From the repository root:

python examples/replay_and_diff_coding_run/demo.py

No OpenAI API key is required.

No network access is required.

Step 1: Record structured events¶

session = StatePlaneSession.local(
    ".stateplane/demo.db",
    session_id="repo-maintainer-replay-demo",
    token_budget=8000,
)

session.start_run(run_id="run-1", title="Fix parser failure")

session.record_goal(
    title="Fix parser and CLI failures",
    description="Make parser and CLI tests pass without editing tests or changing the public API.",
    run_id="run-1",
)

session.record_user_constraint(
    key="edit_tests",
    value=False,
    text="Do not edit tests.",
    strength="hard",
    run_id="run-1",
)

session.record_test_run(
    command="pytest tests/parser tests/cli",
    exit_code=1,
    framework="pytest",
    failures=[
        {
            "test_id": "tests/parser/test_errors.py::test_parser_error",
            "file": "tests/parser/test_errors.py",
            "name": "test_parser_error",
            "error_type": "AssertionError",
            "message": "ParserError is not wrapped before reaching the CLI boundary.",
        }
    ],
    run_id="run-1",
)

The example then records:

a file patch
an explicit decision
a passing parser test
a failing CLI test
a quarantined risk
the next prepared OpenAI request

Step 2: Export run artifacts¶

bundle = session.export_run_artifacts(
    run_id="run-2",
    output_dir=".stateplane/artifacts/run-2",
    current_goal="Now fix the related CLI failure.",
)

This writes a local artifact directory that can be inspected later without calling OpenAI.

Step 3: Replay a run¶

replay = session.replay(
    run_id="run-2",
    current_goal="Now fix the related CLI failure.",
    prepare_request=True,
    model="gpt-5-mini",
    instructions="You are a careful repo-maintenance agent.",
    user_input="Now fix the related CLI failure.",
)

Replay rebuilds:

the coding projection
the merged StateRecord set
the lean STATEPLANE CONTEXT
the richer StatePlane receipt
the prepared OpenAI request

It does that from events, not from exported artifact files.

Step 4: Diff two runs¶

diff = session.diff_runs(
    before_run_id="run-1",
    after_run_id="run-2",
)

The resulting summary highlights the important transition:

the parser failure was resolved
the CLI failure remains active
the quarantined risk was added

Step 5: Counterfactual replay¶

counterfactual = session.replay_counterfactual(
    exclude_event_ids=[risk_event_id],
    current_goal="Now fix the related CLI failure.",
    prepare_request=True,
    model="gpt-5-mini",
    instructions="You are a careful repo-maintenance agent.",
    user_input="Now fix the related CLI failure.",
)

This is intentionally narrow.

It does not create branching history. It filters an in-memory event list and replays the result read-only.
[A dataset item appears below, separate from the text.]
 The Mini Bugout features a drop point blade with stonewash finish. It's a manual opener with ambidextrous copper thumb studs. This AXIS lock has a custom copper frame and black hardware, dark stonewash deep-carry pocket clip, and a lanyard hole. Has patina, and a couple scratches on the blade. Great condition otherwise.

That is enough to answer questions like:

what would the snapshot look like before the quarantined risk?
what changed when this event is excluded?

Artifact layout¶

artifacts/run-2/
  manifest.json
  events.json
  run.json
  coding_projection.before.json
  coding_projection.after.json
  coding_diff_from_previous.json
  state_records.json
  snapshot.json
  snapshot.md
  receipt.md
  prepared_openai_request.json
  receipt.json

What is deterministic¶

For the same event log and the same replay arguments, StatePlane deterministically rebuilds:

the coding projection
the merged StateRecord set
the snapshot hash
the replay receipt hash
the run diff summary

Artifact export also computes stable file hashes and a stable manifest receipt hash that excludes machine-specific absolute paths.

What is not included¶

This example does not:

call OpenAI
execute tools
edit files
use embeddings or vector search
create a remote backend or dashboard

It stays local and deterministic on purpose.

Limitations¶

Per-call request arguments such as instructions are only replayable when they are supplied again or were previously captured in event metadata by prepare_openai_request(...).
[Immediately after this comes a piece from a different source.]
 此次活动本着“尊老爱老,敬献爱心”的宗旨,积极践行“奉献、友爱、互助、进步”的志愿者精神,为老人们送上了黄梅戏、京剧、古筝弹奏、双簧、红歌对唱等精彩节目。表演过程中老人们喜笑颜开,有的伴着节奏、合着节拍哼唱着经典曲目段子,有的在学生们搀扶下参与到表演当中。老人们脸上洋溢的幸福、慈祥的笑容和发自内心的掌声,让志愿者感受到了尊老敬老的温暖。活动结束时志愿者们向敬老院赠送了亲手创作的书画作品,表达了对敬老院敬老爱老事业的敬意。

Artifact bundles are receipts only. They are not authoritative state.

Counterfactual replay is event filtering only. It does not model branch history or causal rewrites.

Next steps¶

If this workflow fits your integration, the next practical step is to call the structured record_* APIs from your own tool wrappers and test runners so runs become replayable without manual data cleanup.